Material provided
=== Begin Enclosure ===
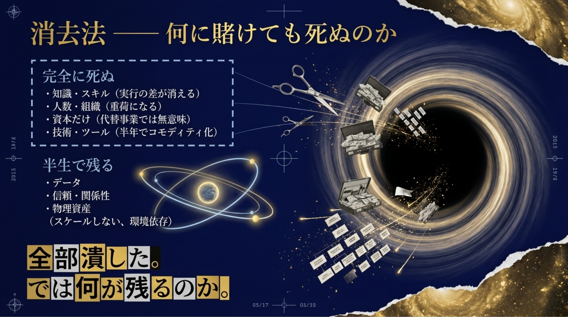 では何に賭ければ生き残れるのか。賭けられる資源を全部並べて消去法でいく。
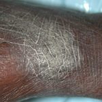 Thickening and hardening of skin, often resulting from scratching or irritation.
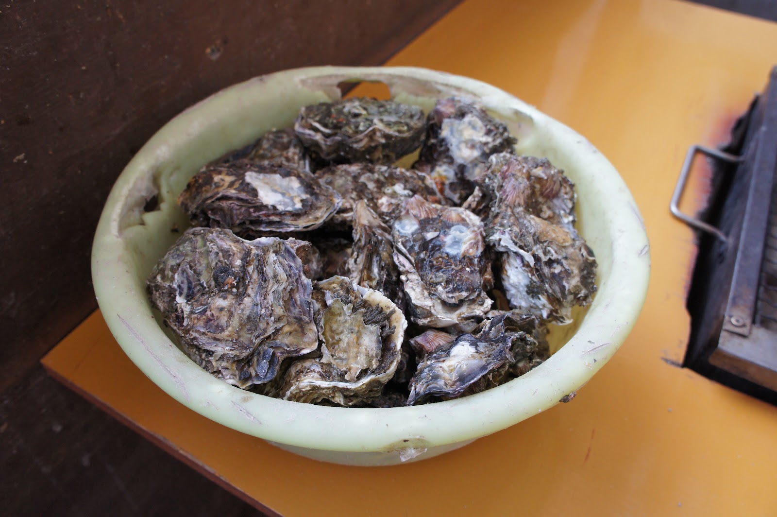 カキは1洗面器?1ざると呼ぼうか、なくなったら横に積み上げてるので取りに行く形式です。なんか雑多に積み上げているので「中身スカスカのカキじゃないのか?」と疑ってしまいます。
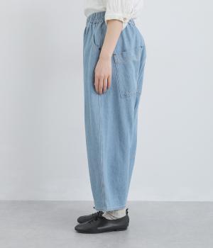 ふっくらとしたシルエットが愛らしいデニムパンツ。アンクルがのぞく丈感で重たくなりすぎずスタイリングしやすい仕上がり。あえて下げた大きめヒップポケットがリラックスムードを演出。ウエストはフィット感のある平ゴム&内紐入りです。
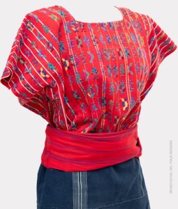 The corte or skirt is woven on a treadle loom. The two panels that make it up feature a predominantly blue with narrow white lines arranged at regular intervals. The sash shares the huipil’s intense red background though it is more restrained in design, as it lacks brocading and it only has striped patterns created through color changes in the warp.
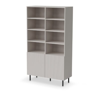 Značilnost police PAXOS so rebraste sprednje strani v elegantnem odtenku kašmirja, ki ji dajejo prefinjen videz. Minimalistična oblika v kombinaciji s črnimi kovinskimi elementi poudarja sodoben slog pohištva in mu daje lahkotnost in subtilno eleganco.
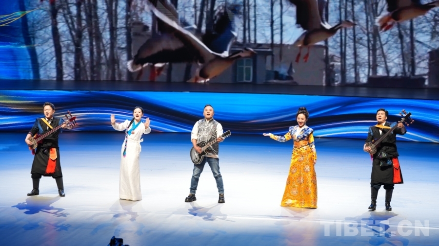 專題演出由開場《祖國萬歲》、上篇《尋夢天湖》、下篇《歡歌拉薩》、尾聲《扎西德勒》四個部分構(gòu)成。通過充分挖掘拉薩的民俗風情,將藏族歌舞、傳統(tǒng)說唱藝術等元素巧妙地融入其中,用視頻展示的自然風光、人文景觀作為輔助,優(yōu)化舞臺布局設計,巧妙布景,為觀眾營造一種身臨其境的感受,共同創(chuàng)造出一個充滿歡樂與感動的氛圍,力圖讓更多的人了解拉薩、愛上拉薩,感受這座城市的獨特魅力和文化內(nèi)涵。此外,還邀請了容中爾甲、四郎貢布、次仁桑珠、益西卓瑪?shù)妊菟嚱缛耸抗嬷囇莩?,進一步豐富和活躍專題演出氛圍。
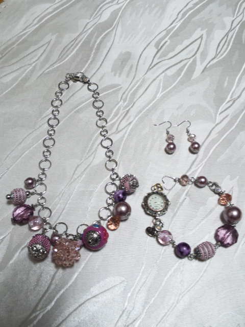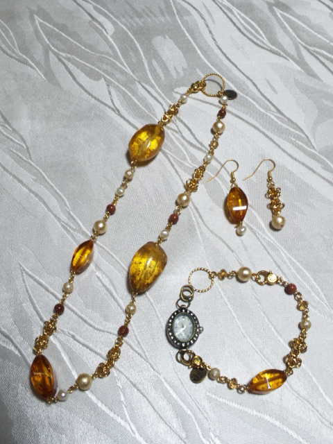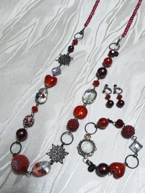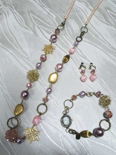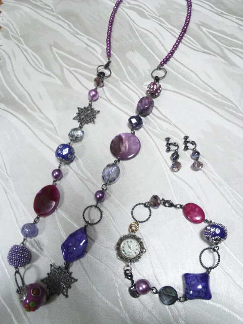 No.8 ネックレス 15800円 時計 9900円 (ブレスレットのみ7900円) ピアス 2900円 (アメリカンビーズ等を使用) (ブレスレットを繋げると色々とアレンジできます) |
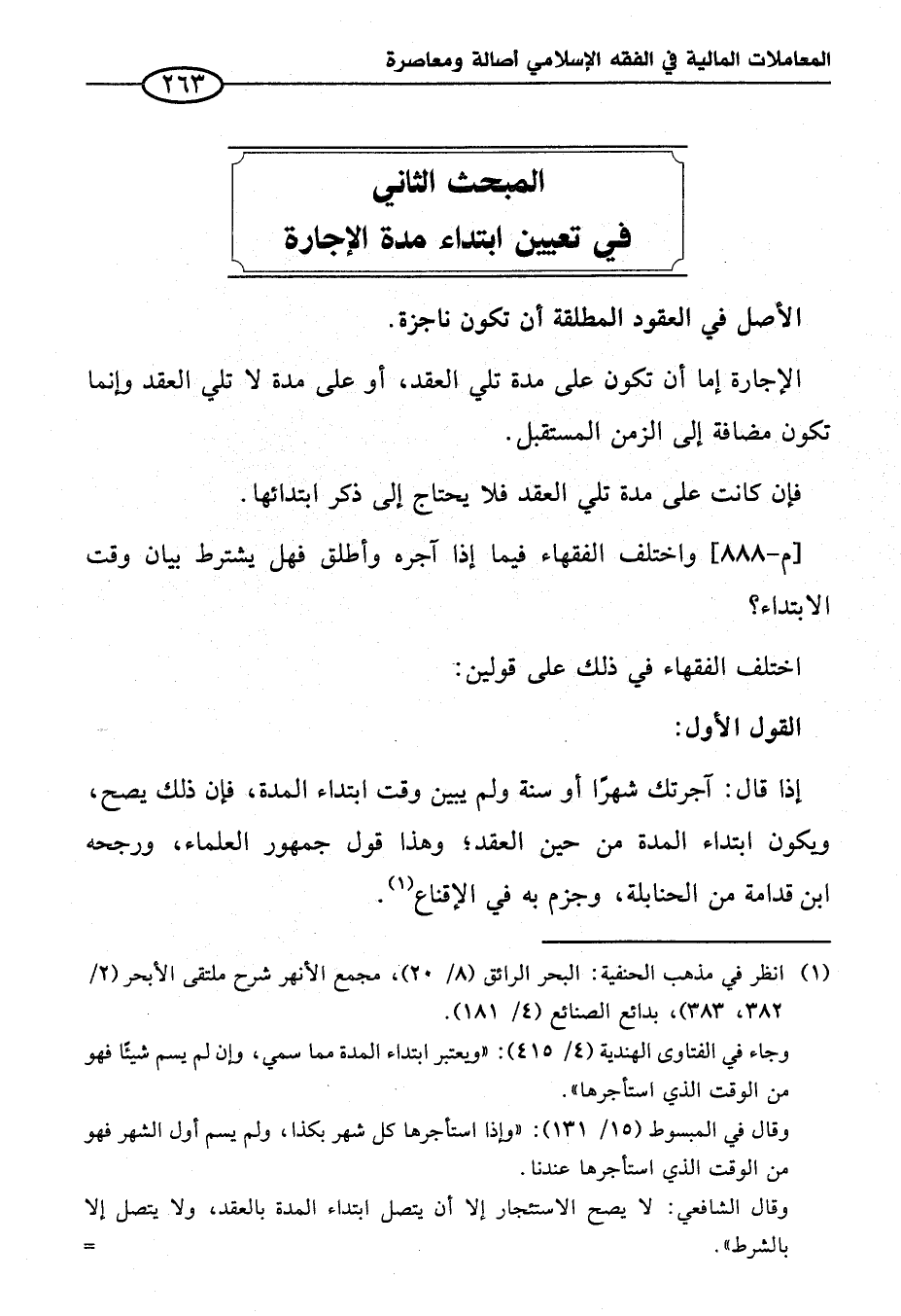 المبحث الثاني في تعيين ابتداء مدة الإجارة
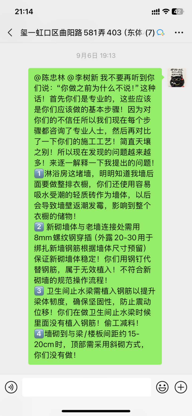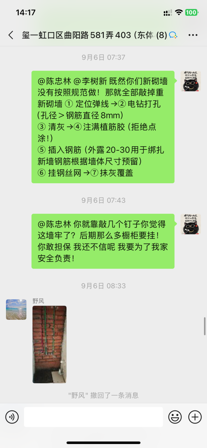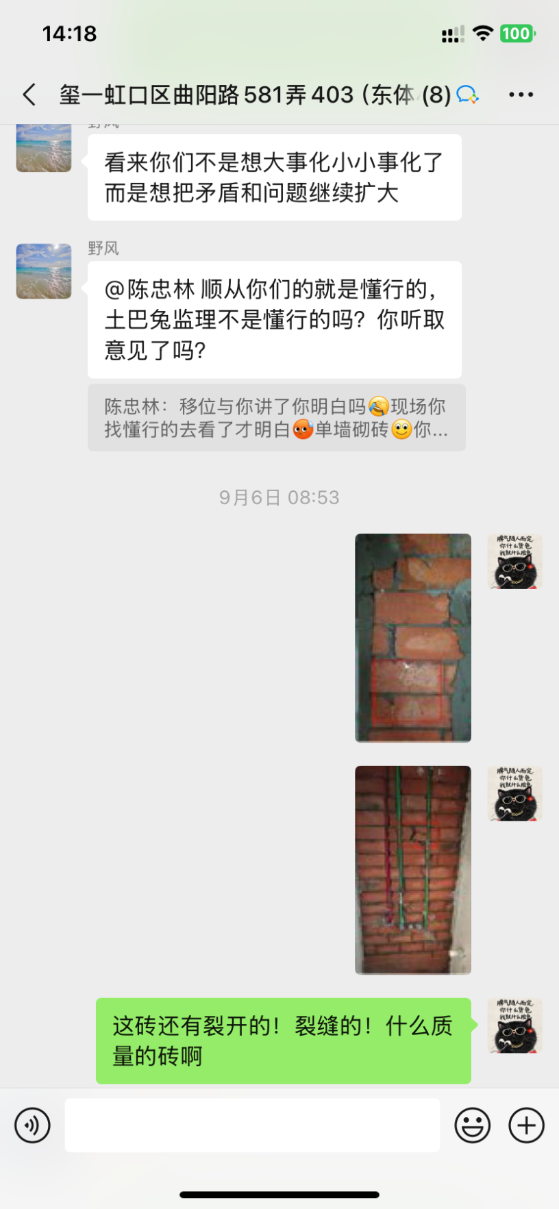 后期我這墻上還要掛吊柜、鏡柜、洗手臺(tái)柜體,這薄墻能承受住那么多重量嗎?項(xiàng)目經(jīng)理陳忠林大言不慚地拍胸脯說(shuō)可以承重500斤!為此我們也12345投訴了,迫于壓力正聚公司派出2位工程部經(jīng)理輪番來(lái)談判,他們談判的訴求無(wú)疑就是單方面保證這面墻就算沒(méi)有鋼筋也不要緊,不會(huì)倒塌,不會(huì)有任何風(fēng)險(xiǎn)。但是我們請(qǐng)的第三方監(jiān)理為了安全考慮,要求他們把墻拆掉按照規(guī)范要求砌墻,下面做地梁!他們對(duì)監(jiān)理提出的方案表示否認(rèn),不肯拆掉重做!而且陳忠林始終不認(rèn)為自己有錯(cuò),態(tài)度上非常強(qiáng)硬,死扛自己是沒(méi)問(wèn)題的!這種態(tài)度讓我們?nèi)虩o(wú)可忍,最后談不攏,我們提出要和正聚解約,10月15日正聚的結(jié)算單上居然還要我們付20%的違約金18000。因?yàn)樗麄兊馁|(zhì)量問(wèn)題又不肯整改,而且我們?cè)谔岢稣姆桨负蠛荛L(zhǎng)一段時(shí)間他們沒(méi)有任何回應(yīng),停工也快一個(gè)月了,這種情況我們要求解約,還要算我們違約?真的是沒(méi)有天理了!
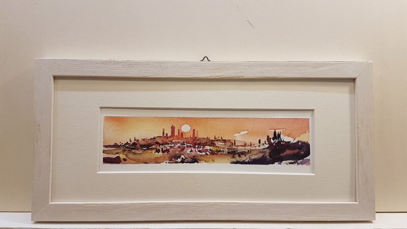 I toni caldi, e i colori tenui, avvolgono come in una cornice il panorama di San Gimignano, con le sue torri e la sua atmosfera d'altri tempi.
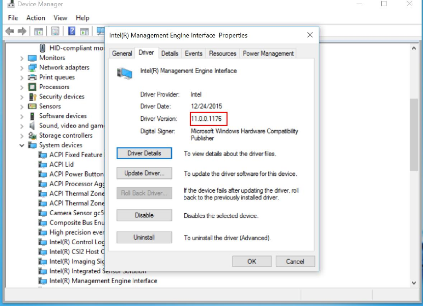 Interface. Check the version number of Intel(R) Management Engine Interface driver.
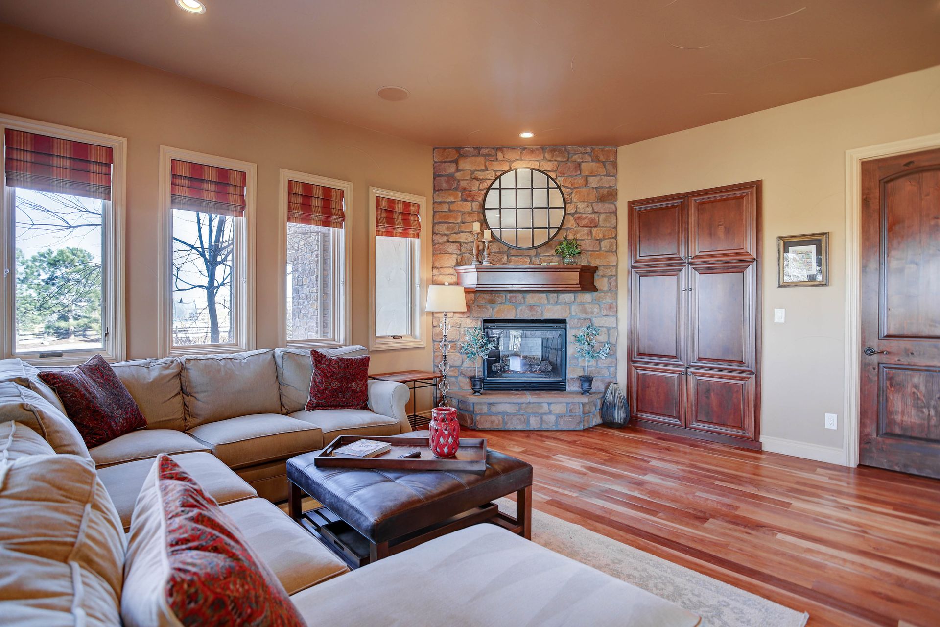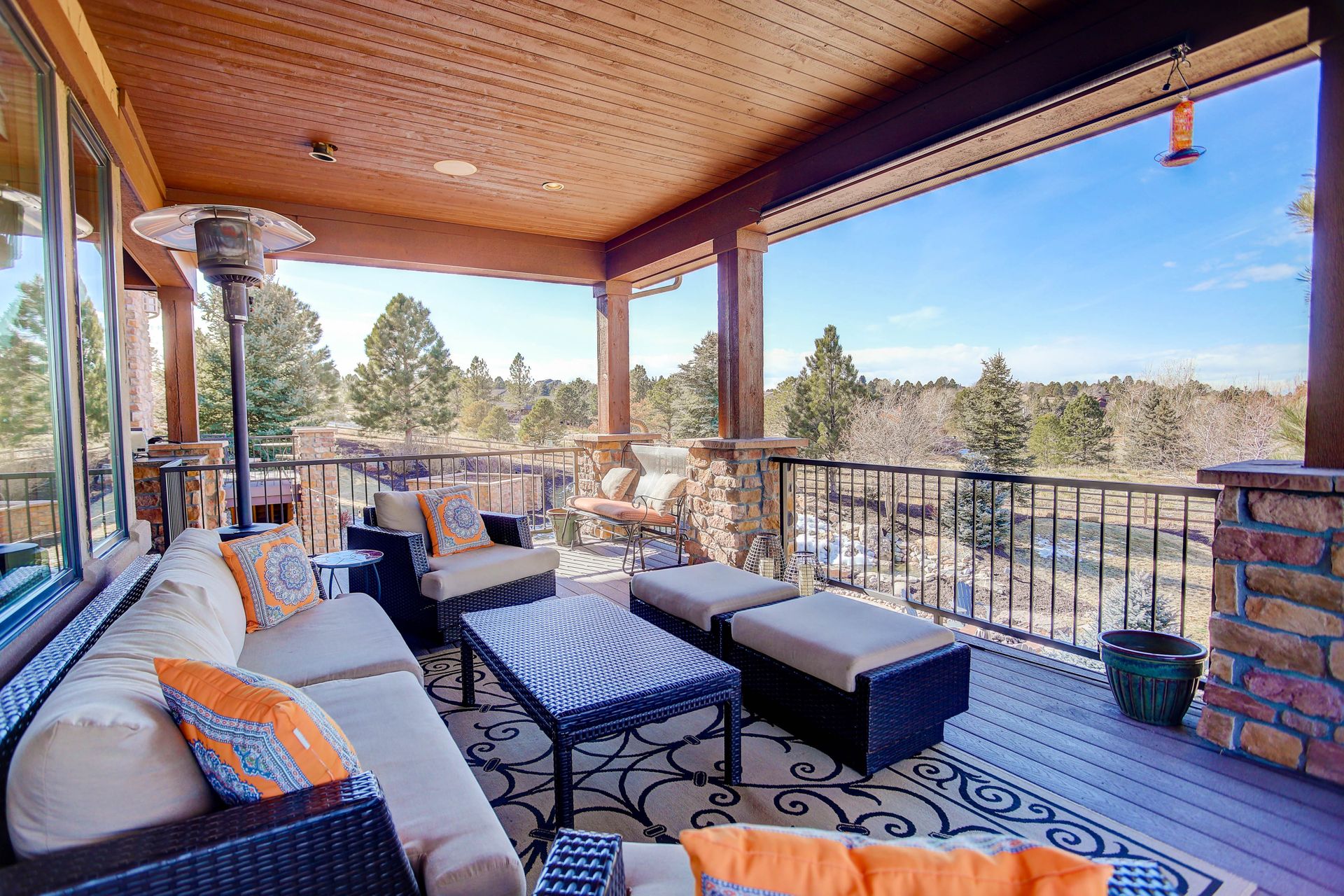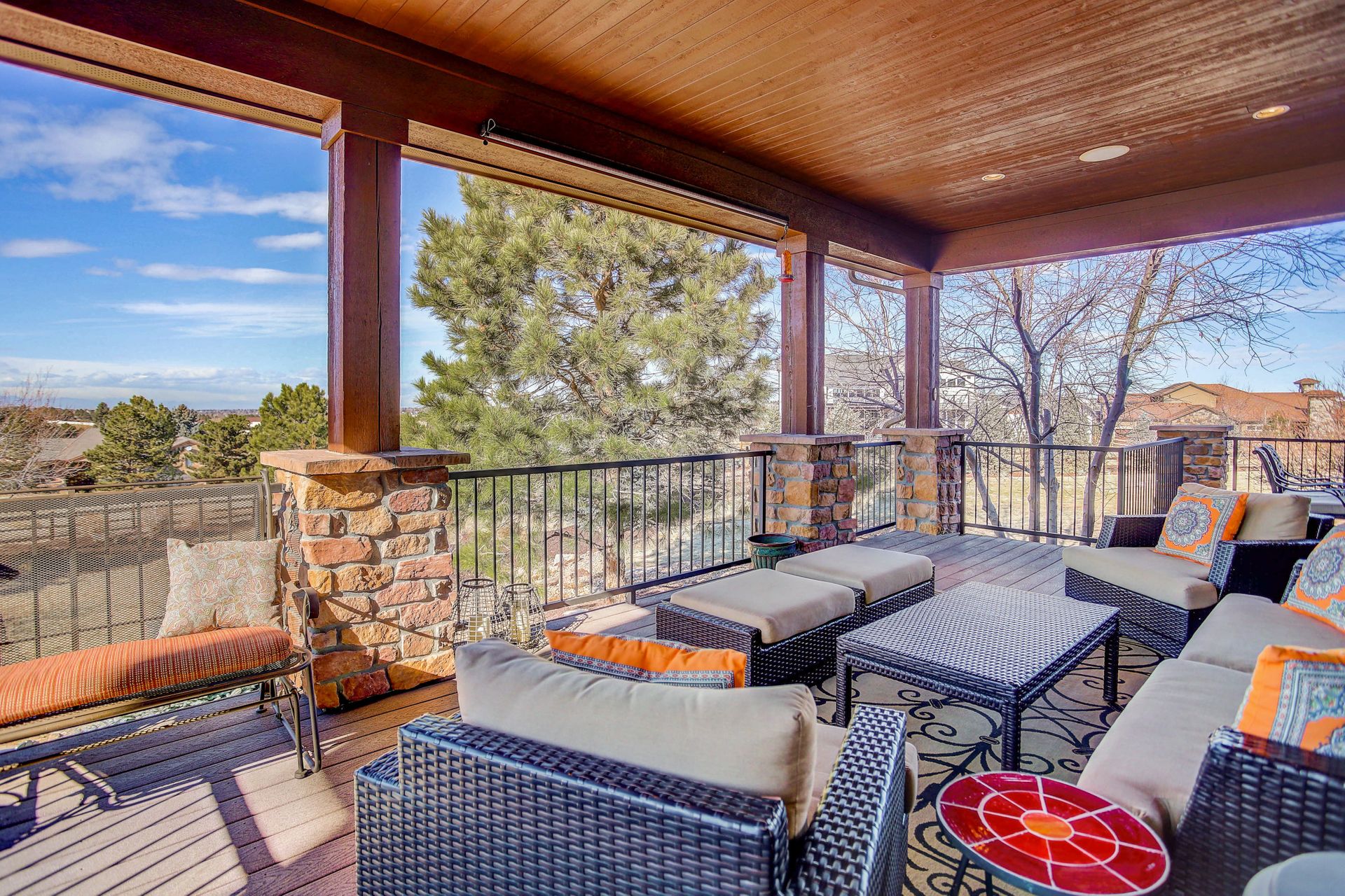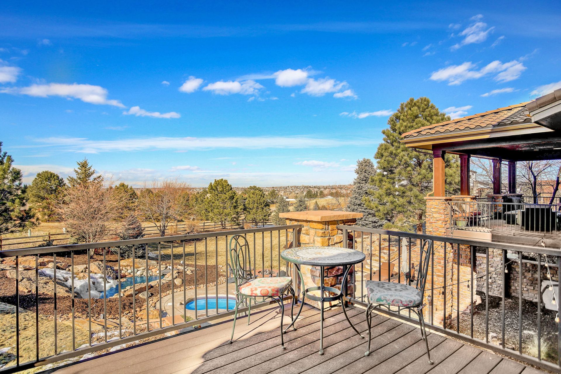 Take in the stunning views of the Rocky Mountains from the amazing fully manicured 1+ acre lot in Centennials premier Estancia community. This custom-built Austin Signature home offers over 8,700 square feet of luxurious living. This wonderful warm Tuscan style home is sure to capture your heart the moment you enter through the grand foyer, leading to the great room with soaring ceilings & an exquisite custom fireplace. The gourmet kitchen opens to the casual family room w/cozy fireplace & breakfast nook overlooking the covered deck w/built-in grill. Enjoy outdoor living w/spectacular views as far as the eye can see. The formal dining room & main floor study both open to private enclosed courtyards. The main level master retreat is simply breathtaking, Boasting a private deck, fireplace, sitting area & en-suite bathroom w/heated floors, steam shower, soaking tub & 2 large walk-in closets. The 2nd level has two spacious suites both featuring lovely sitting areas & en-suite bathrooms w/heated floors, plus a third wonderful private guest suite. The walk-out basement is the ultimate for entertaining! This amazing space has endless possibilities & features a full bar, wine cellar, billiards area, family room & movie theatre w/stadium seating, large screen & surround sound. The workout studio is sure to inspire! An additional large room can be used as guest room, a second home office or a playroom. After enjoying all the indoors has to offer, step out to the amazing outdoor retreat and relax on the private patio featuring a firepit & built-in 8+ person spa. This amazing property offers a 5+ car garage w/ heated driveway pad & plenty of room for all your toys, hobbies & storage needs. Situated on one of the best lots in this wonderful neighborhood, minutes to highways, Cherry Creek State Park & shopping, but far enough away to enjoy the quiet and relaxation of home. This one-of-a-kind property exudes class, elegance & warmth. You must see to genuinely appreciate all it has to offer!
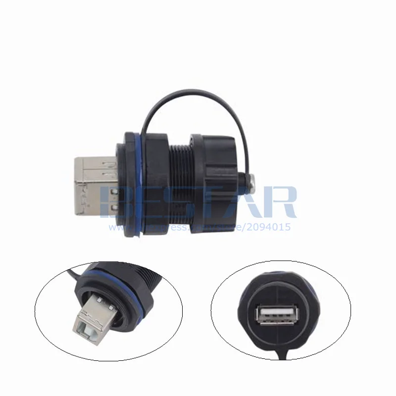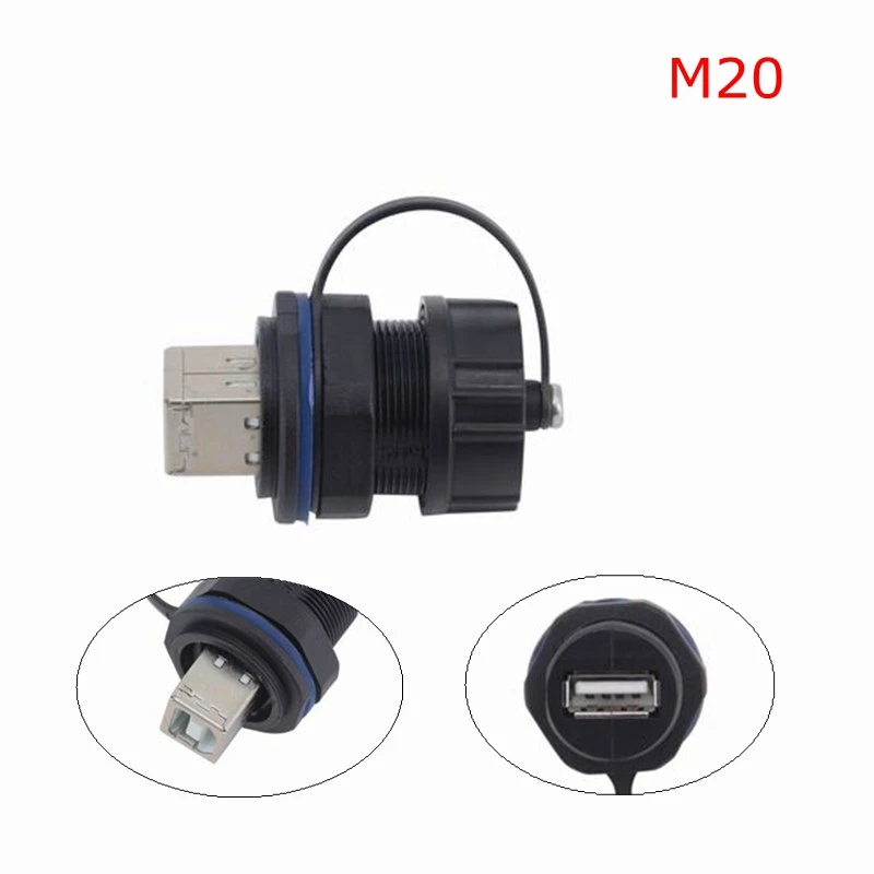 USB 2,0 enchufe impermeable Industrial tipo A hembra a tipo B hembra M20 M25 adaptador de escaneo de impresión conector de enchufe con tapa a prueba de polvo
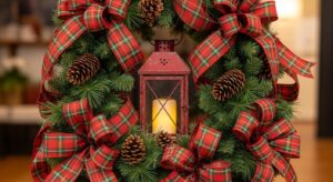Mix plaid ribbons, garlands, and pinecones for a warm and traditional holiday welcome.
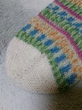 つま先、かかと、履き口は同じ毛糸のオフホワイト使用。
=== End Enclosure ===
What needs to be done
From the line that contains "USB 2,0 enchufe" through the last line of the entries, transcribe every line exactly, leaving out the pictures.

Output for this task
 USB 2,0 enchufe impermeable Industrial tipo A hembra a tipo B hembra M20 M25 adaptador de escaneo de impresión conector de enchufe con tapa a prueba de polvo
Mix plaid ribbons, garlands, and pinecones for a warm and traditional holiday welcome.
 つま先、かかと、履き口は同じ毛糸のオフホワイト使用。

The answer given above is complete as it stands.